In the debate over humanity and viability, one thing is certain:  Abortion ends a human story.

We have recently seen a campaign to normalize the ending of these stories, by some, in what they self-describe as the "pro-choice" community.  Some actress gets up and talks about how great her abortion was.  Is she acting -- or just a psychopath?  How would we react to a military leader who stood up and told us how much he enjoyed roasting people with napalm?    

We need to be honest about abortion, as we do about war.  We should not "celebrate" either or defend it with chants -- whether they be "choice for women" or "USA, USA."  Like war, abortion is a terrible business.  A matter for adult contemplation -- not juvenile celebration.

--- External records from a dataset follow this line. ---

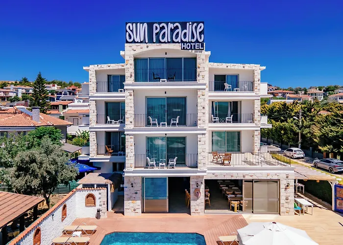 Sun Paradise Hotel ligger i Çeşme, 3 km fra Çeşme Slot, og byder på en swimmingpool. Overnatningsstedet byder på 27 gæsteværelser, som er indrettet med en balkon, kaffe- og tefaciliteter, et fladskærms TV med satellitkanaler for et behageligt ophold i Çeşme.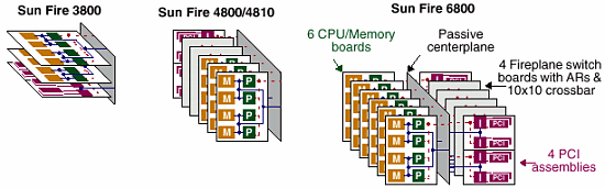 Описанные выше системные платы (до 16) объединяются с помощью фирменной технологии Gigaplane-XB. Соответственно, число процессоров в системе может быть от 1 до 64 (16 плат по 4 процессора).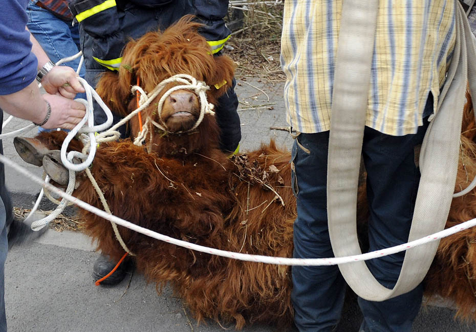 3月18日,德國一頭蘇格蘭高地牛來到一居民院內(nèi)懶洋洋的曬太陽,最后經(jīng)過獸醫(yī)的麻醉和消防員協(xié)力才將這頭蠻力十足的家伙“制服”。圖片來源:中國新聞網(wǎng)

The old Left knew a thing or two about educating people as to the truth of a thing.  A hundred  years ago, Europe was engaged in what became known as the Great War, and later, as World War One.  That war began with cheering crowds, celebrating.  After it was over, a triumphant parade was organized in Paris, with all the allies there to participate.  Soldiers from every winning nation were formed to march.  A wise soul suggested that a contingent of wounded soldiers be placed up front, which ended up being an enormous assemblage of many horribly wounded veterans -- les mutiles -- the mutilated.  It placed things into context and turned a juvenile celebration into an adult consideration.

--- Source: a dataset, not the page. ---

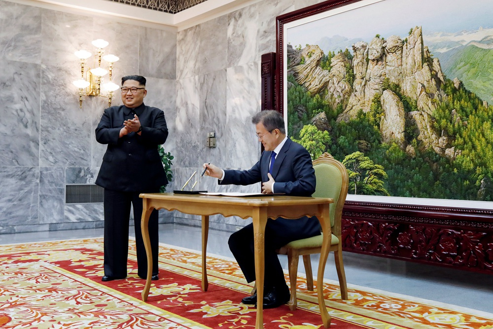 South Korean President Moon Jae-in (R) signs a guestbook as DPRK leader Kim Jong Un reacts before their meeting at the truce village of Panmunjom, May 26, 2018. /Photo via South Korea's Blue House

As followers of the New Left's Herbert Marcuse, Weinberg and Huttle flit between "summer of love" rhetoric and an intolerant "tolerance" that they adopt when making laws.  And they are absolute ghouls on the subject of abortion.  Seeking to "celebrate" something that, like war, cannot really, with any sanity, be celebrated.

But then, there are the profits.  There is a business of abortion, like the business of war, and it is about market-share, and monopoly, and cashing in.  Oh all those New Lefties who grew up to be Wall Streeters. . . and members of the New Jersey Legislature!